To the Editor:
We read with interest the recent article by Cefalu and Dominici1 regarding a linked statistical model for the assessment of spatially-dependent exposures and health. Our concerns center around the suggestion that this model can be applied to any epidemiologic design, the authors’ definition of confounding, that no personal risk factors were included in their health model, and that area-wide predictors for the exposure model are also confounding factors in a health model.
As the health model used normally distributed errors, we assume that the authors were referring to a cross-sectional study of continuous outcomes. Except possibly for an ecologic study, we know of no design in which personal risk factors would not be included as potential confounding variables.
In terms of what is a confounder, the authors stated “We refer to confounding bias as the bias in the health-effect estimate from a health-effects regression model that fails to control for any confounding….” This is not the accepted definition of confounding: quoting Breslow and Day from 1980,2 “Confounding is intimately connected to the concept of causality. …if some exposure E is associated with disease status, then the incidence of the disease varies among the strata defined by different level of E. If these differences in incidence are caused (partially) by some factor C, then we say that C has (partially) confounded the association between E and the disease.” We note that any noncausal variable could be associated with exposure and health, and these variables should not be included in a model to control for bias unless they are surrogates of causal processes.
In our experience, there are very few area-level variables included in exposure models that are true causal variables for health outcomes. For example, in our land-use regression model of NO23 that was used in case–control studies on breast cancer,4 the predictors of traffic-related exposure included population density, counts of traffic, and distance to roads. None of these variables are causal risk factors for these cancers. Could any of these variables represent some complex causal process that can affect the incidence of these cancers? Possibly, but one would have to postulate the purported mechanism. For example, green space may lower pollution, so that the effects of greenspace on health could be due in part to lower levels of exposure to air pollution: this is a measurement issue and is not confounding. While one might contend that these contextual variables represent causal exposures, we suggest that these variables be modeled directly.
Mark S. Goldberg
Division of Clinical Epidemiology
Department of Medicine
McGill University Health Center – RVH
Montreal, QC, Canada
Department of Health Sciences
Ottawa, ON, Canada
Department of Sociology
University of New Brunswick
Fredericton, NB, Canada
1. Cefalu M, Dominici F. Does exposure prediction bias health-effect estimation?: the relationship between confounding adjustment and exposure prediction. Epidemiology. 2014;25:583–590.

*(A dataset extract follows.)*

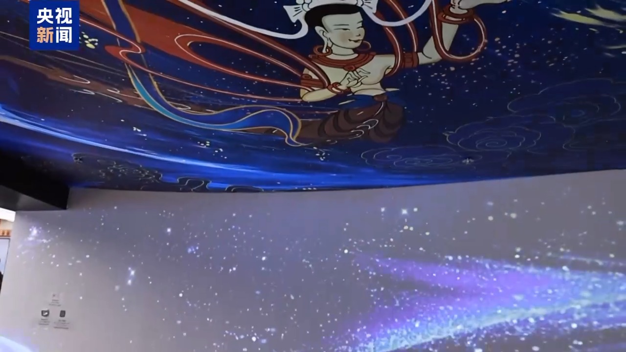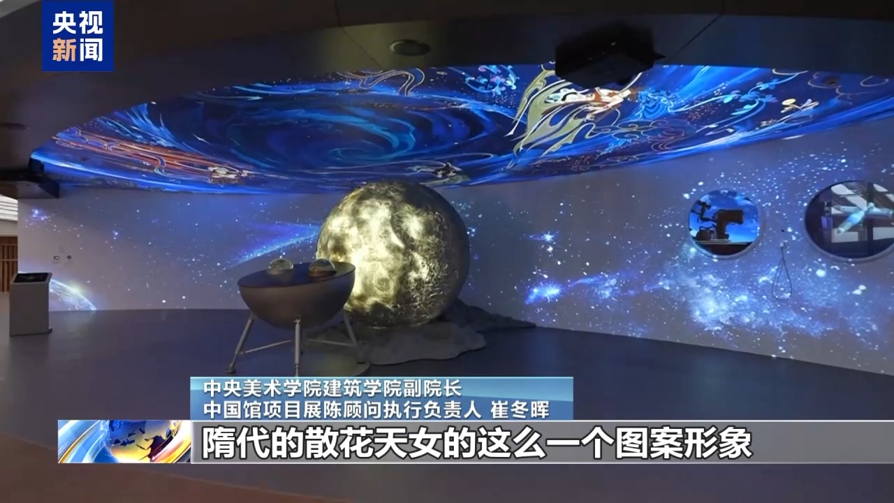 中央美术学院建筑学院副院长、中国馆项目展陈顾问执行负责人 崔冬晖:我们用了常老师描绘的隋代的散花天女的图案形象,在顶部发光。人们去看月壤的时候,球体能够反射到上面的散花天女,用艺术的方式体现了中国人极致的浪漫。

2. Breslow NE, Day NE. Statistical Methods in Cancer Research. Volume I - The Analysis of Case-Control Studies. IARC Scientific Publications, 32 (Lyon). 1980.Lyon, France: International Agency for Cancer.
3. Crouse DL, Goldberg MS, Ross NA. A prediction-based approach to modelling temporal and spatial variability of traffic-related air pollution in Montreal, Canada. Atmos Environ. 2009;43:5075–5084.
4. Crouse DL, Goldberg MS, Ross NA, Chen H, Labrèche F. Postmenopausal breast cancer is associated with exposure to traffic-related air pollution in Montreal, Canada: a case-control study. Environ Health Perspect. 2010;118:1578–1583.